Y la propia estructura del filme, dividida en dos partes, una situada en Laos, en una escuela de monjes budistas, y la otra en Tanzania, en una comunidad de mujeres que trabajan en granjas de algas. «Intenté buscar el mayor contraste posible entre las dos partes de la película», explica. «Laos no tiene mar, Zanzíbar sí. Un país es budista, el otro es musulmán. El primer segmento es muy masculino, el segundo es muy femenino. Fui generando choques, pero sin renunciar a crear ecos, rimas entre ellas». Incluso utilizó dos directores de fotografía distintos para que «la manera en que observábamos la realidad también mutara». En el capítulo de Laos se satura el color para provocar una sensación de extrañamiento en la mirada mientras que en el de Zanzíbar «todo es más matérico, más táctil, y rompe con el antropocentrismo». No hay lugar para lo exótico en una película que busca quitar la piel muerta de la experiencia del espectador.
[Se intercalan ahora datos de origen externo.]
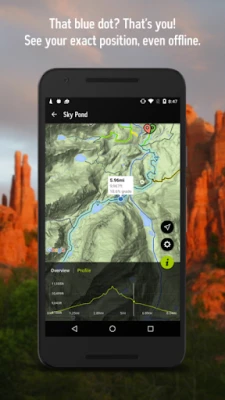 • No cell signal needed. The data is available offline, and your phone uses its built-in GPS to show your location.
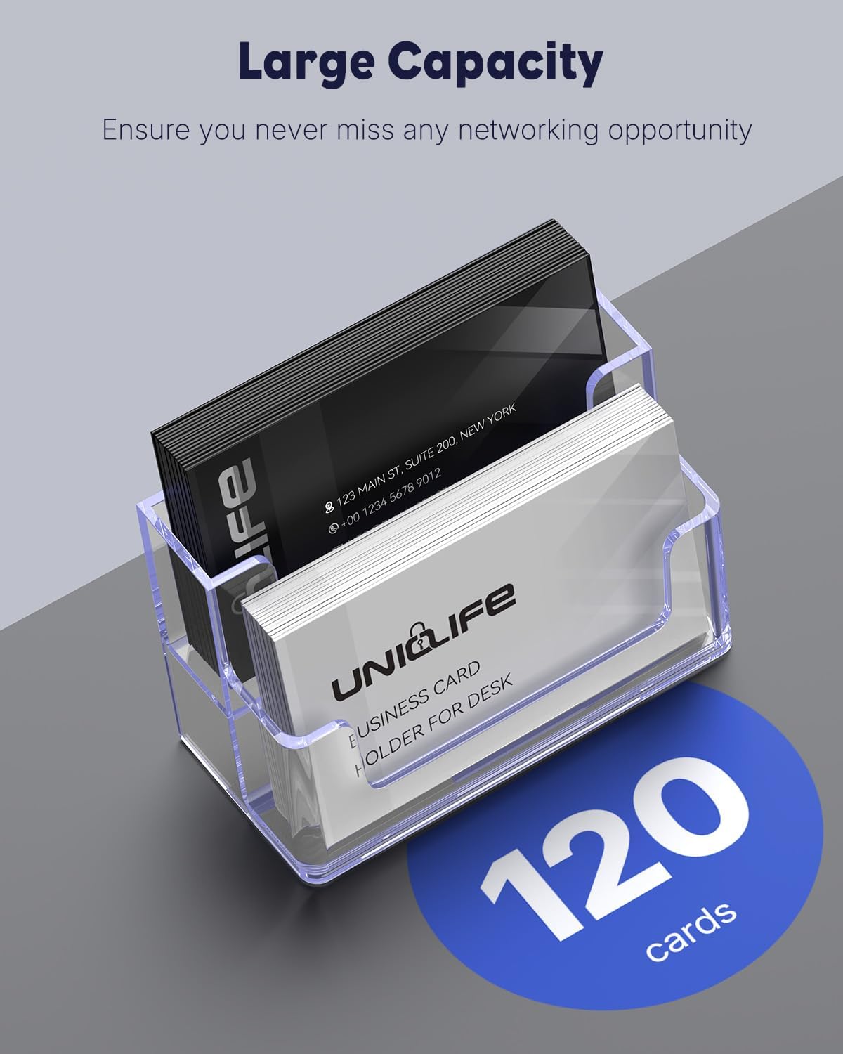 - Clear & Robust Acrylic: Crafted from reliable acrylic, the business card display stand combines sleek transparency with exceptional sturdiness. Crystal-clear design showcases every detail of the cards, adding a professional touch to any desk
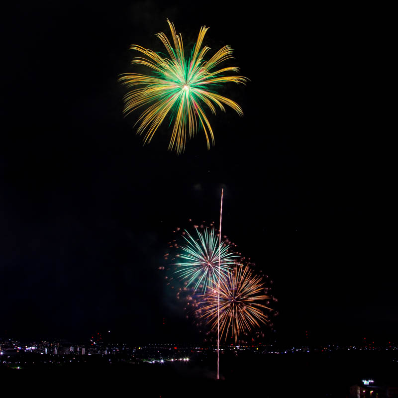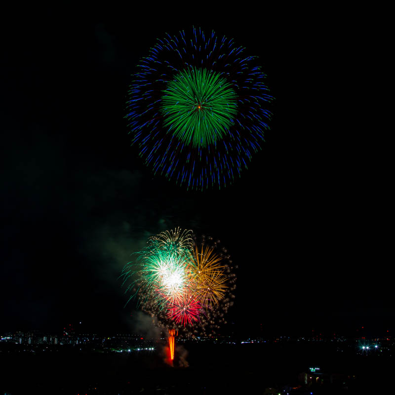 これらの写真を撮るため30分の間、花火を楽しむ間もなく、結構移動したので肉体的に疲れました笑。
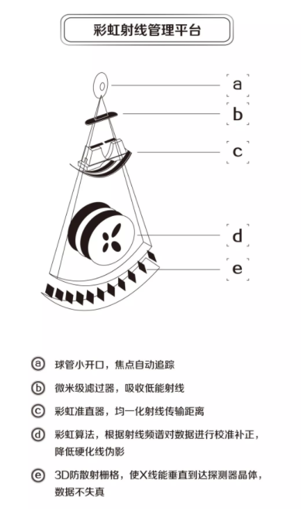 b、動(dòng)態(tài)三維變焦球管---8MHU飛焦點(diǎn)金屬球管,配合全息微晶元探測器實(shí)現(xiàn)221184有效采樣通道,降低偽影,獲得全息高清數(shù)據(jù)影像。

Maternidad desde el conflicto

«Sica», que ayer se presentaba en la sección Generation14, también arranca de una exploración antropológica, que nace de una fascinación de su directora, la catalana Carla Subirana («Nedar», «Volar»), por el paisaje de la Costa da Morte, y de las historias que surgen de sus habitantes. Partiendo de una metodología propia del documental, espigando relatos y personajes reales que luego formarán parte de una ficción, Subirana crea una película meteorológica, donde la fuerza de los elementos se alía con la de las emociones. La Costa da Morte tiene en su nómina más de seiscientos naufragios: en uno de ellos, el padre de Sica (Thais García) desaparece, y eso pone en crisis la relación que tiene la adolescente con su madre (Núria Prims) en el marco de una Naturaleza que sirve a la vez como fuente de alimentos y como tormentosa amenaza de muerte. Resulta cuando menos curioso que «Matria», que se presentó en Panorama hace un par de días, y «Sica» aborden la maternidad desde el conflicto, pero también desde la reconciliación. «En “Sica” hay dos madres», explica Subirana. «La primera es la madre que Sica tiene que reubicar en el centro de su vida después de mitificar la figura ausente del padre. La segunda es la Naturaleza, que está por encima de todos nosotros, la que nos hace insignificantes, que representa ese paisaje gallego». El ruido de la mar, que en Galicia siempre se conjuga en femenino, y el misterio que las olas anidan en su espuma, con las voces de los muertos hablando desde sus profundidades, configuran la magnética atmósfera de este cuento mágico.